(Exercise data Opens)
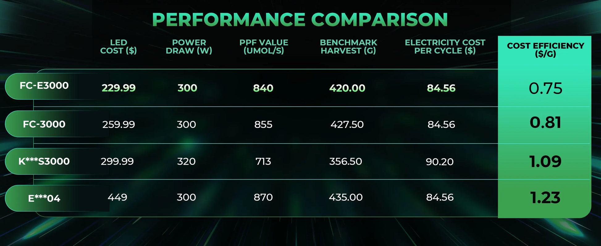 High-Efficiency Output – 300W draw with up to 2.8μmol/J PPE for excellent growth and energy savings
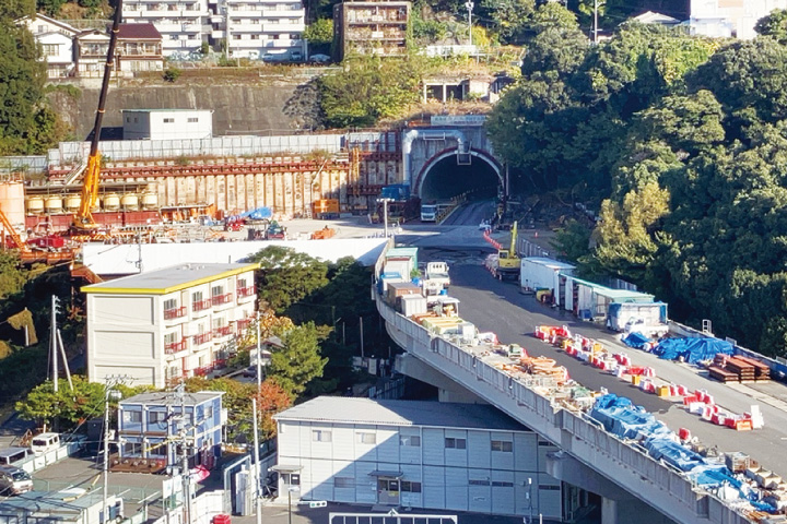 全長約4㌔のうち、牛田東地区の住宅地の真下を通る「二葉山トンネル」(約1・8㌔)の掘削作業を昨年4月末に完了した。18年に始まった掘削工事は、大型掘削機の破損や地表面の隆起などのトラブルが続発。当初の22年度中の完成予定から大きくずれ込んだものの、27年度上期に開通する見通しとなった。現在はトンネル内の設備工事や、5号線と2号線(府中仁保道路)を結ぶ橋架工事などを進めている。
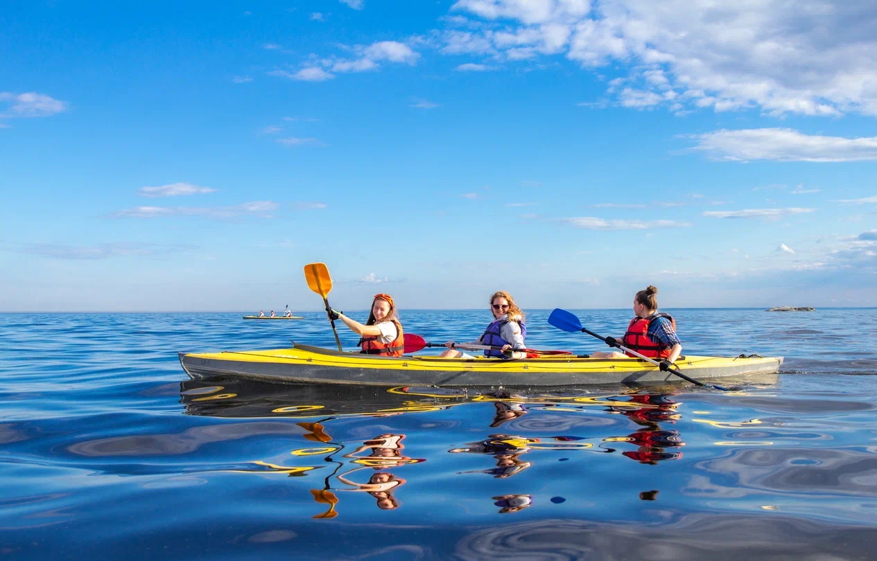 Поход проходит среди шхер — скалистых островков, закрывающих нас от ветра. Это не только красиво, но и комфортно. Идём на современных каркасных байдарках с защитными юбками и гермомешками — всё удобно, безопасно и продумано. Специальная подготовка не нужна — покажем, расскажем и научим прямо на месте.
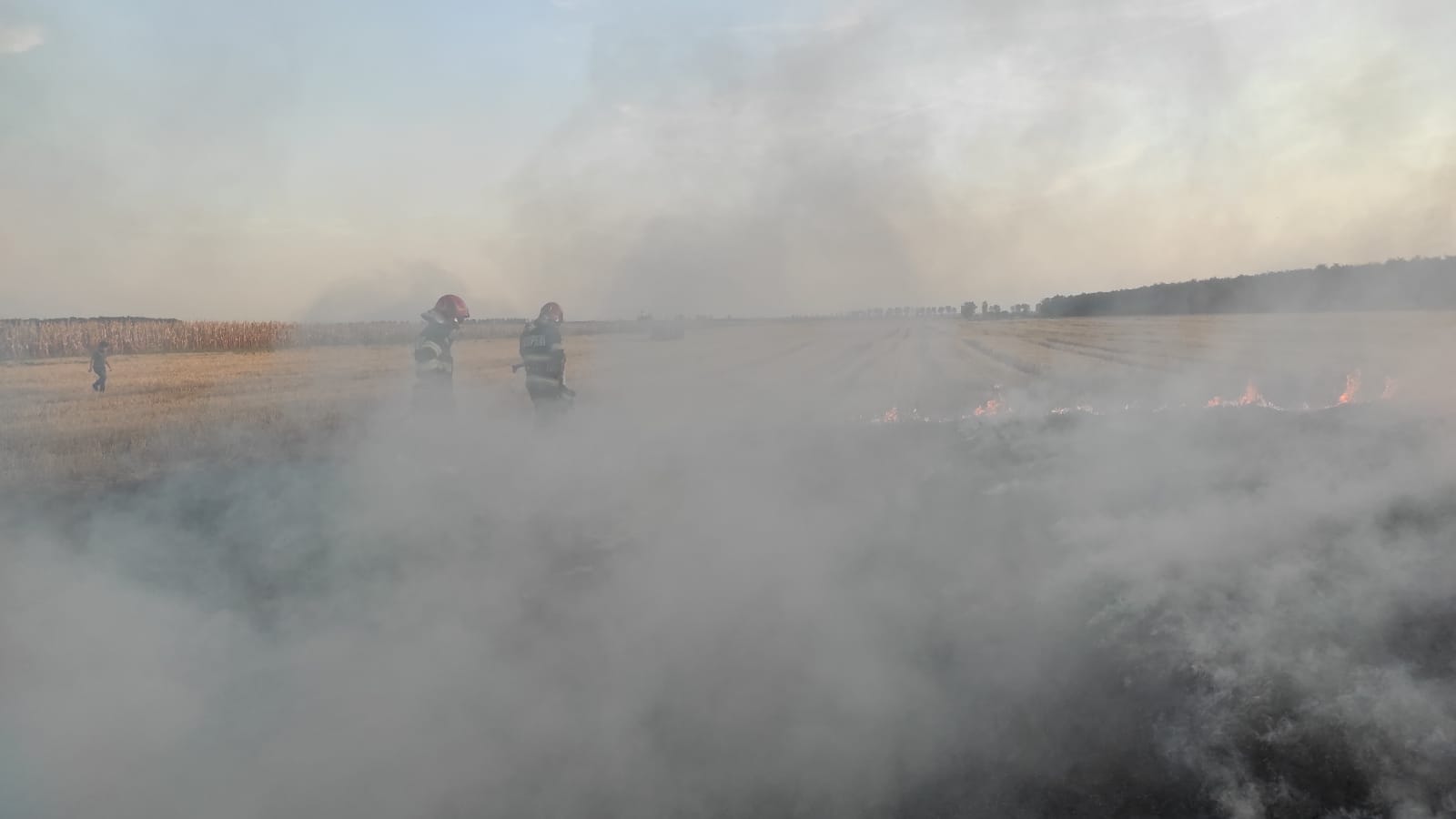 Incendiu pe un câmp de grâu și orz, întins pe zece hectare. Pompierii intervin pentru stingerea acestuia. Flăcările s-au extins cu repeziciune din cauza vântului. Patru autospeciale de stingere cu apă și spumă au intervenit la fața locului. Martorii spun că incendiul ar fi izbucnit de la o țigară aruncată la întâmplare pe câmp.
(Exercise data Closes)
— Task objective —
Omit pictures and output the listing exactly.

— Final answer —
 High-Efficiency Output – 300W draw with up to 2.8μmol/J PPE for excellent growth and energy savings
 全長約4㌔のうち、牛田東地区の住宅地の真下を通る「二葉山トンネル」(約1・8㌔)の掘削作業を昨年4月末に完了した。18年に始まった掘削工事は、大型掘削機の破損や地表面の隆起などのトラブルが続発。当初の22年度中の完成予定から大きくずれ込んだものの、27年度上期に開通する見通しとなった。現在はトンネル内の設備工事や、5号線と2号線(府中仁保道路)を結ぶ橋架工事などを進めている。
 Поход проходит среди шхер — скалистых островков, закрывающих нас от ветра. Это не только красиво, но и комфортно. Идём на современных каркасных байдарках с защитными юбками и гермомешками — всё удобно, безопасно и продумано. Специальная подготовка не нужна — покажем, расскажем и научим прямо на месте.
 Incendiu pe un câmp de grâu și orz, întins pe zece hectare. Pompierii intervin pentru stingerea acestuia. Flăcările s-au extins cu repeziciune din cauza vântului. Patru autospeciale de stingere cu apă și spumă au intervenit la fața locului. Martorii spun că incendiul ar fi izbucnit de la o țigară aruncată la întâmplare pe câmp.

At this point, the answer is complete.